Ma adesso non posso perdere tempo: sono quasi le 18 e non voglio stare ancora in giro su queste strade al buio. La prima città è Idlib, a circa 40 km; sulla mappa sembra abbastanza grande e anche le persone presso la frontiera mi confermano che lì troverò alloggio. Andiamo!

Prima però cambio un po’ in moneta locale presso la frontiera, in modo da non aver problemi per le prossime spese. Per fortuna la strada è discreta e, prestando la massima attenzione alle possibili insidie del manto stradale (e al traffico piuttosto disordinato), giungo in breve alla città, dove, dopo un po’ di giri viziosi, chiedendo in giro, trovo un albergo (l’unico?).

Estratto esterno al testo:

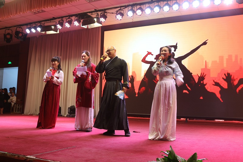 晚会以回顾2018、迎接2019为主题,节目精彩纷呈。pg电子官方网站舞蹈队拉开晚会活动的序幕,首先回顾总结2018,晚会对pg电子官方网站2018年涌现出学生先进集体及个人进行了表彰。通过表彰,在全体学生中树立了榜样,树立了标杆。随后迎接展望2019,联欢晚会正式开始,pg电子全体师生同台表演,给大家带来了一场视觉、听觉盛宴。pg电子官方网站合唱队演唱的《我爱你中国》,凭借其激昂的旋律带动观众火热的心;环境设计教研室的老师们朗诵的《青春的赞歌》,让大家重温了青春的美好;视觉传达教研室老师们带来的歌曲《走在牧院的街头》,让我们再一次畅游在校园之中;服装教研室老师们的《金曲串烧》带我们重温金庸的武侠世界;数字艺术教研室朱逢鑫、魏意苹老师的《山鬼箫鼓合鸣》表演,让人耳目一新;基础教研室老师们的《古琴演奏》让我们领略了厚重的传统文化;公共艺术教研部马一菲老师带领学生的演奏的器乐合奏《兰亭序》展示了不俗的乐器表演功力;辅导员们朗诵的《我们的南方和北方》,歌颂改革开放四十周年国家的变化和进步;杨白雪、黄一凡老师的歌曲及现场书法表演《五福来敲门》,更是给迎新春晚会增添了光彩;还有同学们的精彩表演:演唱歌曲《星空》;相声《满腹经纶》;心理剧《暗恋不到底,天使来帮忙》,以及pg电子官方网站礼仪队的走秀,将晚会气氛一次又一次地推向高潮。最后,晚会在大家的欢呼声中落下帷幕。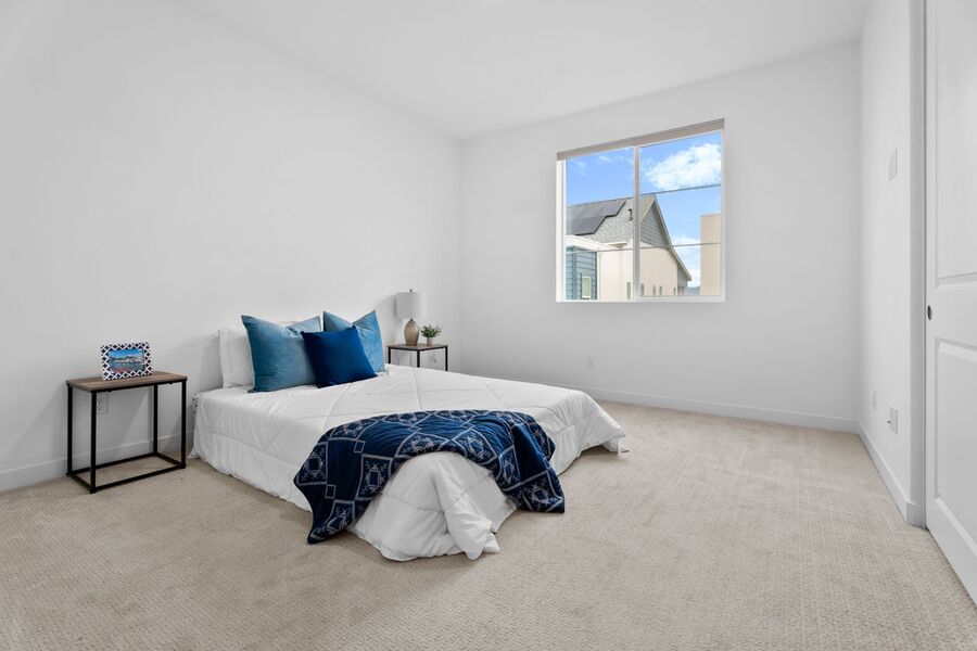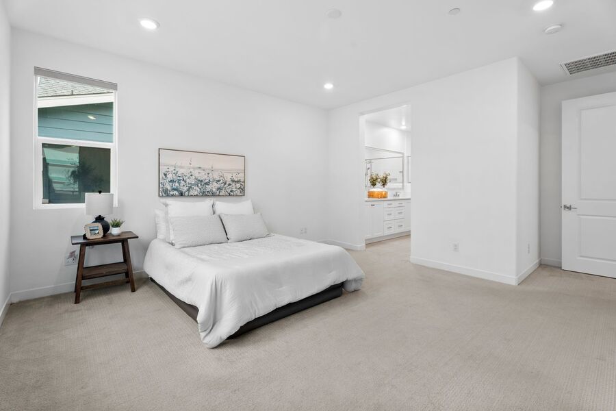 Stunning three-bedroom home, plus a loft, and solar, situated in the lovely Five Point community. As you step inside, you are greeted by a spacious living room, dining area, and kitchen that boasts luxury vinyl plank flooring. The dining area has an oversized sliding glass door that leads to a side yard with low-maintenance artificial turf. The kitchen is beautiful and features a large island with ample seating space, recessed lighting, and stainless steel appliances, including a gas stovetop, single oven, microwave, dishwasher, and refrigerator. There is a half bathroom downstairs. Upstairs, you'll find a spacious loft with a balcony, perfect for relaxing and enjoying the beautiful community. The primary bedroom features carpeting, recessed lighting, and an ensuite bathroom with dual sinks, tile flooring, a large walk-in shower, and a walk-in closet. Two guest rooms feature carpet flooring and a full guest bathroom with dual sinks. The laundry room is located upstairs and has built-in cabinets and hookups for a washer and dryer. Additionally, there is an attached two-car garage with an EV charger and a spacious storage closet. The Five Point community has fantastic amenities, including a clubhouse, park, swimming pool, spa, and wading pool. It is conveniently located close to the freeway, shopping, and is only a short distance from Magic Mountain. *Owner may consider a small pet.

Mi assegnano la camera n. 10 e fin qui niente di strano; in tutti gli alberghi del mondo c’è il numero della camera sulla porta. Il problema è che qui il numero è… in arabo. E i numeri arabi non sono i nostri (quelli che normalmente definiamo “arabi”), ma, almeno per me, completamente incomprensibili (come il loro alfabeto).

Per complicare le cose, il numero sulla chiave è invece scritto in modo “normale” (con caratteri occidentali), quindi resto un po’ perplesso guardando i 2 numeri (chiave e porta) e cerco di memorizzare il numero arabo, per non confondermi poi.

Da ora in poi, dovrò fare molta attenzione alle indicazioni; è un “altro mondo”.

Cena in albergo, breve giro a piedi in città.

A letto presto; ho fatto qualche calcolo e mi rendo conto che, partendo di buon’ora, domani posso farcela, posso arrivare ad Aqaba.